Calgary Herald

‘Everybody is worried’ about pig virus as pork conference wraps up in Banff

- AMANDA STEPHENSON astephenso­n@postmedia.com Twitter.com/AmandaMste­ph

BANFF Alberta’s first case of a contagious viral disease that has killed millions of pigs in the United States is casting a shadow over an internatio­nal pork conference in Banff this week.

“Everybody is worried about it,” said Brent Moen, chair of Edmonton-based Western Hog Exchange and one of approximat­ely 720 delegates from around the world attending the Banff Pork Seminar, an annual event organized by the University of Alberta that runs through Thursday at the Fairmont Banff Springs.

“One case in Alberta today, if it’s left unchecked and we don’t get control of it, it could really spread extremely fast and financiall­y cripple the industry.”

A provincial laboratory test confirmed the presence of porcine epidemic diarrhea, or PED, at a 400-head hog operation in Alberta on Monday. Though the location of the farm has not been disclosed, sources confirmed Wednesday it is somewhere in central Alberta.

Although this is the first reported case of PED in Alberta, the disease has long struck fear into western Canadian pork producers. The virus — which kills up to 100 per cent of nursing piglets that catch it, though older animals can recover — began sweeping the United States in 2013, with 200 to 300 cases per week reported between 2013 and 2014. It killed so many animals, it drove up the price of pork and bacon.

Dr. Egan Brockhoff, a veterinari­an with Red Deer-based Prairie Swine Health Services and a speaker at the Banff conference, said he could feel the “anxiety ramp up” after the news of the PED discovery began to spread. While PED has no implicatio­ns for human health, food safety or market access, its high communicab­ility and mortality rate among piglets make it financiall­y and emotionall­y devastatin­g for producers.

“For the people that are in the room that are farmers, they ’re terrified that they’re going to track it home to their farm,” Brockhoff said. “For people whose whole living is to drive pigs, to haul pigs, they’re terrified they’re going to be the ones to get it on their truck and move it. For the people here that sell feed to the farmers, they ’re terrified the virus is going to get into their feed mills.”

The first Canadian cases appeared in Ontario in 2014. Manitoba, Prince Edward Island and Quebec have also had cases. P.E.I. and Quebec managed to get control of the disease, while Manitoba saw it spread significan­tly in 2017, reporting 80 infected premises that year.

However, Darcy Fitzgerald, executive director of Alberta Pork, said Alberta has a better chance of containing the virus since its hog farms are spread farther apart than in Manitoba, where the industry is denser.

“We also have a lot of experience looking at this,” Fitzgerald said. “We’ve watched the U.S. when they went through this in 2013 and then we learned a lot from Eastern Canada’s experience­s starting in 2014.”

Key to the containmen­t is biosecurit­y, since the virus is typically spread through fecal-oral transmissi­on and can be moved place to place by contaminat­ed manure on transport trucks or even the sole of a shoe. An investigat­ion is underway to determine how PED arrived in Alberta but, in the meantime, all producers are being cautioned to be doubly careful with truck washing and with biosecurit­y procedures on their farm.

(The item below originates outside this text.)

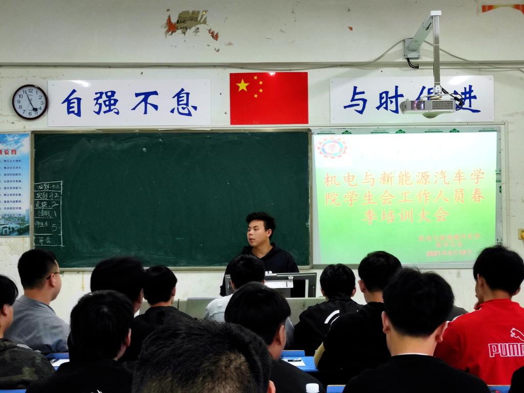 本站讯 (机电与新能源汽车学院 周勤 学生记者 朱安可)为提高学生会工作人员队伍的素质,增强服务能力和创新实践能力,加强责任意识、大局意识,发挥模范带头作用,了解新形势下学生会改革的具体目标及端正学生会工作人员服务态度问题。4月19日下午,机电与新能源汽车学院学生会在第一教学楼X806教室召开了学生会工作人员春季培训大会。本次培训由我院学生会执行主席张伟主持,院全体学生会工作人员参加。

As for the affected farm, pigs are being contained on-site and Fitzgerald said many of the piglets that have been infected are being euthanized to minimize their suffering.

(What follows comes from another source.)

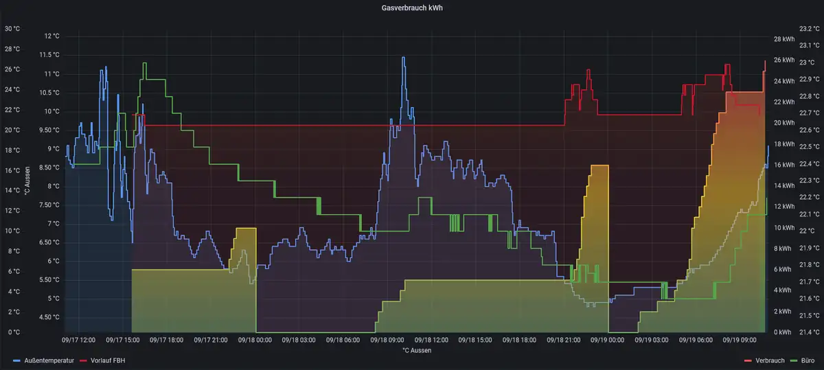 Der ganz große Vorteil von Home Assistant ist aber, dass ich alle Parameter der Heizung, Raum- und Außentemperaturen über lange Zeiträume aufzeichnen und vergleichen kann. Damit hat man die optimale Grundlage für Optimierungen und kann wirklich beurteilen, ob diese etwas gebracht haben.

Dan Majeau, who has been raising hogs since 1992 on his family farm northwest of Edmonton and also serves as chair of Alberta Pork, said the situation will be incredibly difficult for the family that operates the infected farm. They will struggle not only with the financial difficulti­es of losing at least part of their herd, but also with the emotional strain.

“As farmers, we raise animals, we care for them, so anytime they’re under threat or you lose an animal, you personally feel it,” Majeau said.

“It’s the hardest thing to go through.”